A portable implementation for bit-packing on space-constrained systems for time-series integral data sampled on embedded systems.

Inspiration drawn from Delta encoding, IC FIFO compression, and Gorilla timestamp compression. https://www.vldb.org/pvldb/vol8/p1816-teller.pdf

## Pros and Cons

✅ `tsz` is designed to lean heavily on delta and delta-delta compression. As shown by Gorilla in practice, data points that change the same way compress very well (96% of timestamps could be represented by 1 bit in the Gorilla block).
Periodic integral data, like those from embedded sensor data, that changes with low noise rates will mostly follow the same compression patterns as the timestamps generated by consitently clocked intervals.

✅ `tsz` is designed to take advantage of the integral data patterns produced by ICs that generate consistent bit-width integral data over time with similar magnitudes of change.

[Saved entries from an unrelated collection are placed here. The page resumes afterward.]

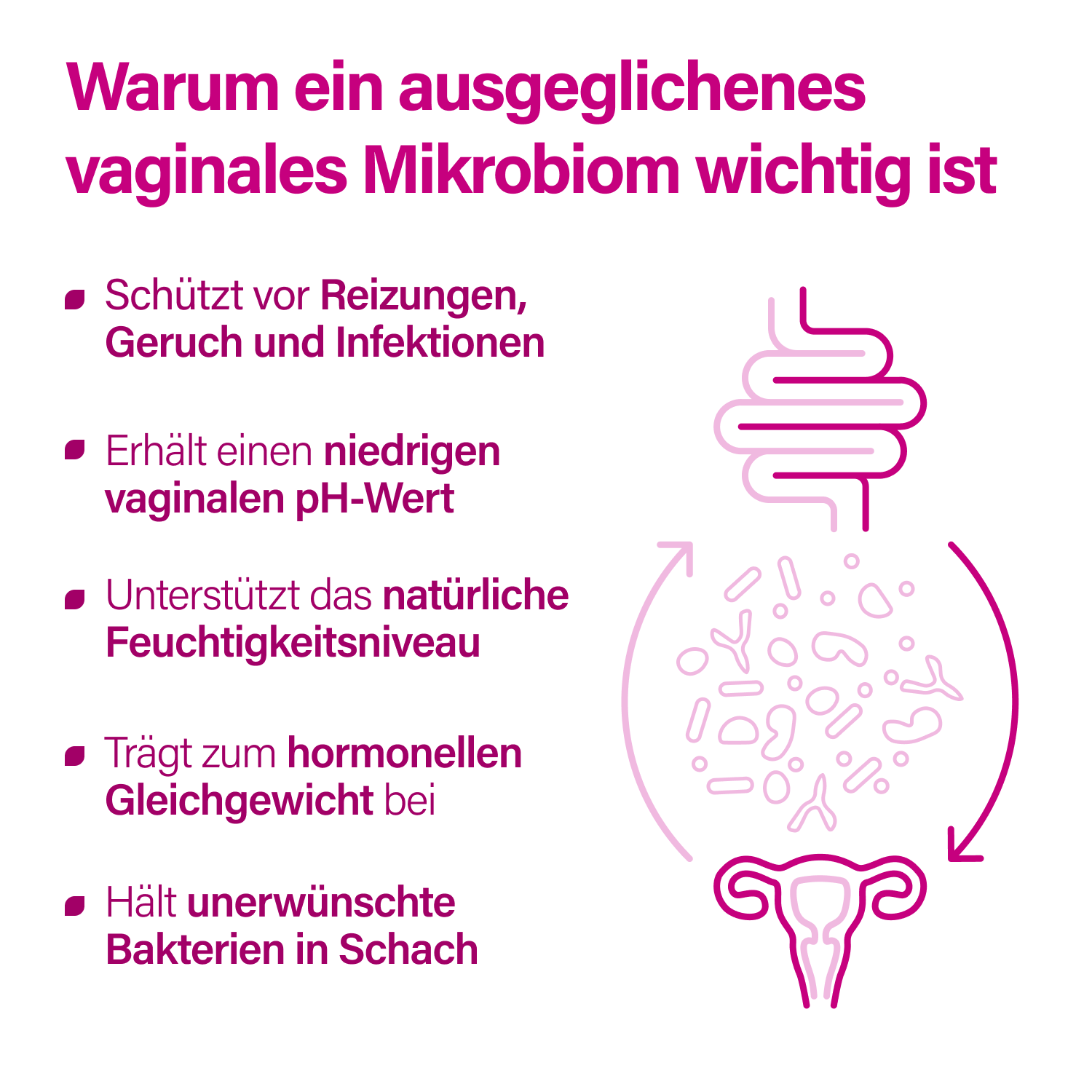 Über 75 % der Frauen erleben im Laufe ihres Lebens Beschwerden im Intimbereich. Faktoren wie Stress, Antibiotika, Ernährung oder hormonelle Veränderungen können das vaginale Milieu aus dem Gleichgewicht bringen und die Anfälligkeit für Reizungen erhöhen. Die vaginale Mikrobiota spielt eine zentrale Rolle im körpereigenen Abwehrsystem – wird ihre Zusammensetzung gestört, können Symptome wie Juckreiz, Ausfluss, unangenehmer Geruch oder Trockenheit auftreten.
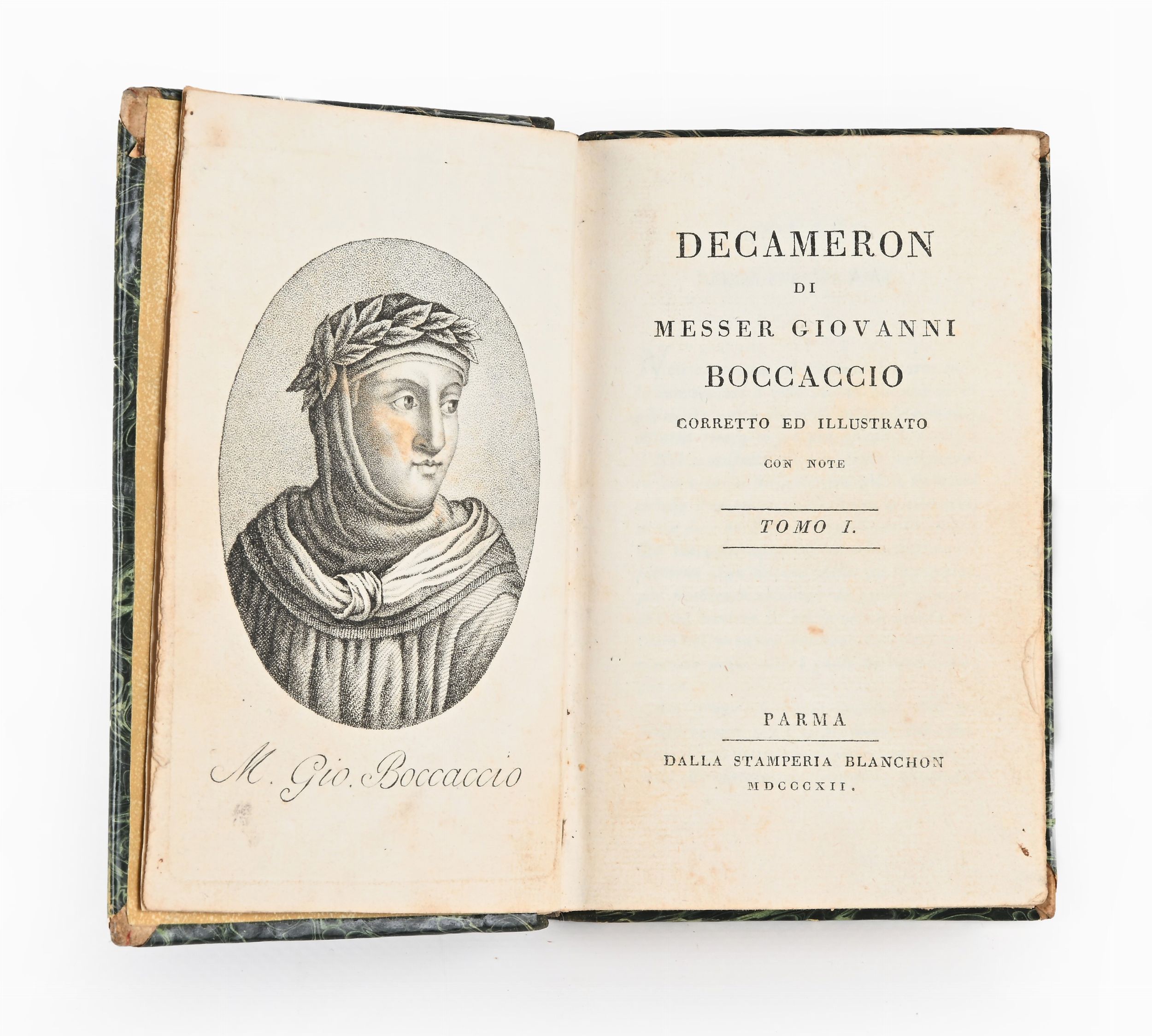 Blanchon, Parma 1812-14 8 volumi. Gradevole legatura in mezza pelle con tassello rosso e titolo in oro ai dorsi. Ritratto del Boccaccio all'antiporta del primo volume. Bell'esemplare.
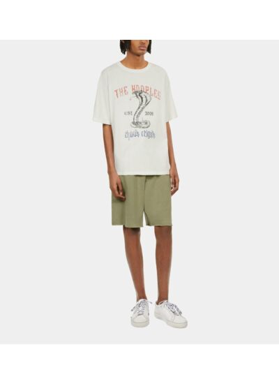 Conçu pour allier confort et caractère, ce T-shirt à col rond et manches courtes se distingue par son imprimé Snake en sérigraphie, qui apporte une touche graphique et contemporaine. Sa teinte écrue neutre facilite les associations, du jean brut aux pantalons plus habillés, pour une silhouette urbaine et élégante.
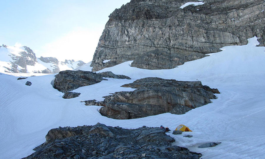 As soon as we put up the tent at 7pm, and as if like clockwork, the cloud retreated and our incredible camp location was revealed. We were all awestruck well into the evening, such an incredible place to eat our final meal on the ice.
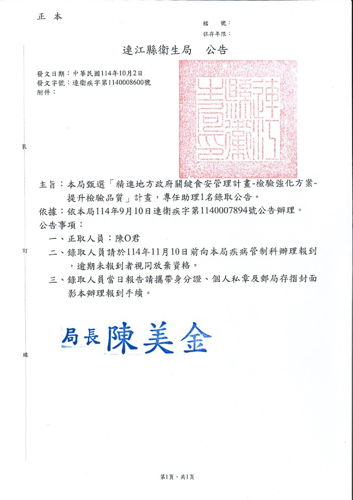 衛生局「精進地方政府關鍵食安管理計畫」專任助理1名錄取公告
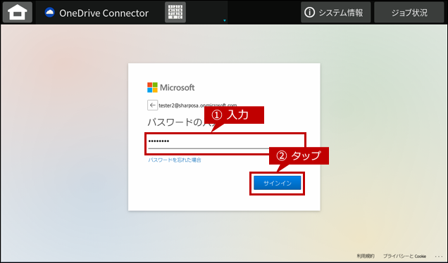 ・複合機のユーザー認証機能が有効な場合、1回目はログイン操作が必要になりますが、2回目以降のログイン操作は不要になります。(複合機のログインユーザーごとに「Office 365」のアカウント情報が紐付けされます。) |

✅ `tsz` is designed to compress on 32-bit Cortex-M and emit framed packets that would be considered very small outside of the embedded ecosystem. It is compatible with (and much faster on 64-bit) and does limit the size of the compressed data.

✅ `tsz` is designed to emit half-byte aligned words that work with a second-pass compression algorithm such as LZ4 or ZSTD.

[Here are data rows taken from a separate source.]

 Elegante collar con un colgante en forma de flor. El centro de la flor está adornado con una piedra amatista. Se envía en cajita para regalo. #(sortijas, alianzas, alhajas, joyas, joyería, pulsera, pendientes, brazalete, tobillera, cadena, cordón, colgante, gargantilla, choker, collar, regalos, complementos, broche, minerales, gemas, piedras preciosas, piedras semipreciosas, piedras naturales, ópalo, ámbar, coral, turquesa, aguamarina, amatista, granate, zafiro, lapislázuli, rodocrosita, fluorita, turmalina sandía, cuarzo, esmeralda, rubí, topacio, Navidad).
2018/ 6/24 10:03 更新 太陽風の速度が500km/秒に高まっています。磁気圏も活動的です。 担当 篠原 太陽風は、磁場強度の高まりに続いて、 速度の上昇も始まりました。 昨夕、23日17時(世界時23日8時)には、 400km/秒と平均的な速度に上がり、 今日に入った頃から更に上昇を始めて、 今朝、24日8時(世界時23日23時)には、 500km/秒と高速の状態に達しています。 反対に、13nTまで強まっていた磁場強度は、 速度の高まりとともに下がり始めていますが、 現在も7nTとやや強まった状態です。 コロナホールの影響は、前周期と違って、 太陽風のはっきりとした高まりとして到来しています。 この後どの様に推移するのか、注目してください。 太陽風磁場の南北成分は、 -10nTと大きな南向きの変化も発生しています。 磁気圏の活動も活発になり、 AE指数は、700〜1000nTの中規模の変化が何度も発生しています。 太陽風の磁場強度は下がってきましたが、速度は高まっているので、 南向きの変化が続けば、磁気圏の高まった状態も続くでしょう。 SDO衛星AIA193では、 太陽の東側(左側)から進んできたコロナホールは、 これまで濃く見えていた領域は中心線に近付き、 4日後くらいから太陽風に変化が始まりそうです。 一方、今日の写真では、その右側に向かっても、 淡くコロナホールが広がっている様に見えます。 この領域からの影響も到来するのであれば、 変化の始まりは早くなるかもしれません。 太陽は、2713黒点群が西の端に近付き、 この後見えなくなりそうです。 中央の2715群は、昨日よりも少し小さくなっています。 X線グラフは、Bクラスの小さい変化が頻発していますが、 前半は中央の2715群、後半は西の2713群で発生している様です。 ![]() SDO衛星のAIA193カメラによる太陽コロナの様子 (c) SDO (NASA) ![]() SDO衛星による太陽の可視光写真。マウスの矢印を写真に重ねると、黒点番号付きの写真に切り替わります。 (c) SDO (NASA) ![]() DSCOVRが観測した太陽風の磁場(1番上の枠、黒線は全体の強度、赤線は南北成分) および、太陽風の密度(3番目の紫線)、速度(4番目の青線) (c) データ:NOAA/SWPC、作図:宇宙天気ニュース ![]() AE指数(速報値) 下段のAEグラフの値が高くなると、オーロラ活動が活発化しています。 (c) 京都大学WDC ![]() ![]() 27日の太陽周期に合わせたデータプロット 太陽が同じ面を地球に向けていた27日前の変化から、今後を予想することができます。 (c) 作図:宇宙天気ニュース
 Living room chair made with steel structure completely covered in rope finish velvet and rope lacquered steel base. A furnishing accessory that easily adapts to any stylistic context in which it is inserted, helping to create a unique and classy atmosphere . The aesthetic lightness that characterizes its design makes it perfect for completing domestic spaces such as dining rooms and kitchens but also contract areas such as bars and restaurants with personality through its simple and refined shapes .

❌ `tsz` is not designed to handle oscillating change or irregular event time streams optimally but can encode that information about as well as uncompressed.

❌ `tsz` is not designed to handle floating-point or fixed-point data. Use of fixed-point is functional but not optimal, and floating-point is not supported.

❌ `tsz` is not designed to optimize perfectly predictable data. Real-life instruments have some non-zero noise that often prevents perfect linearity.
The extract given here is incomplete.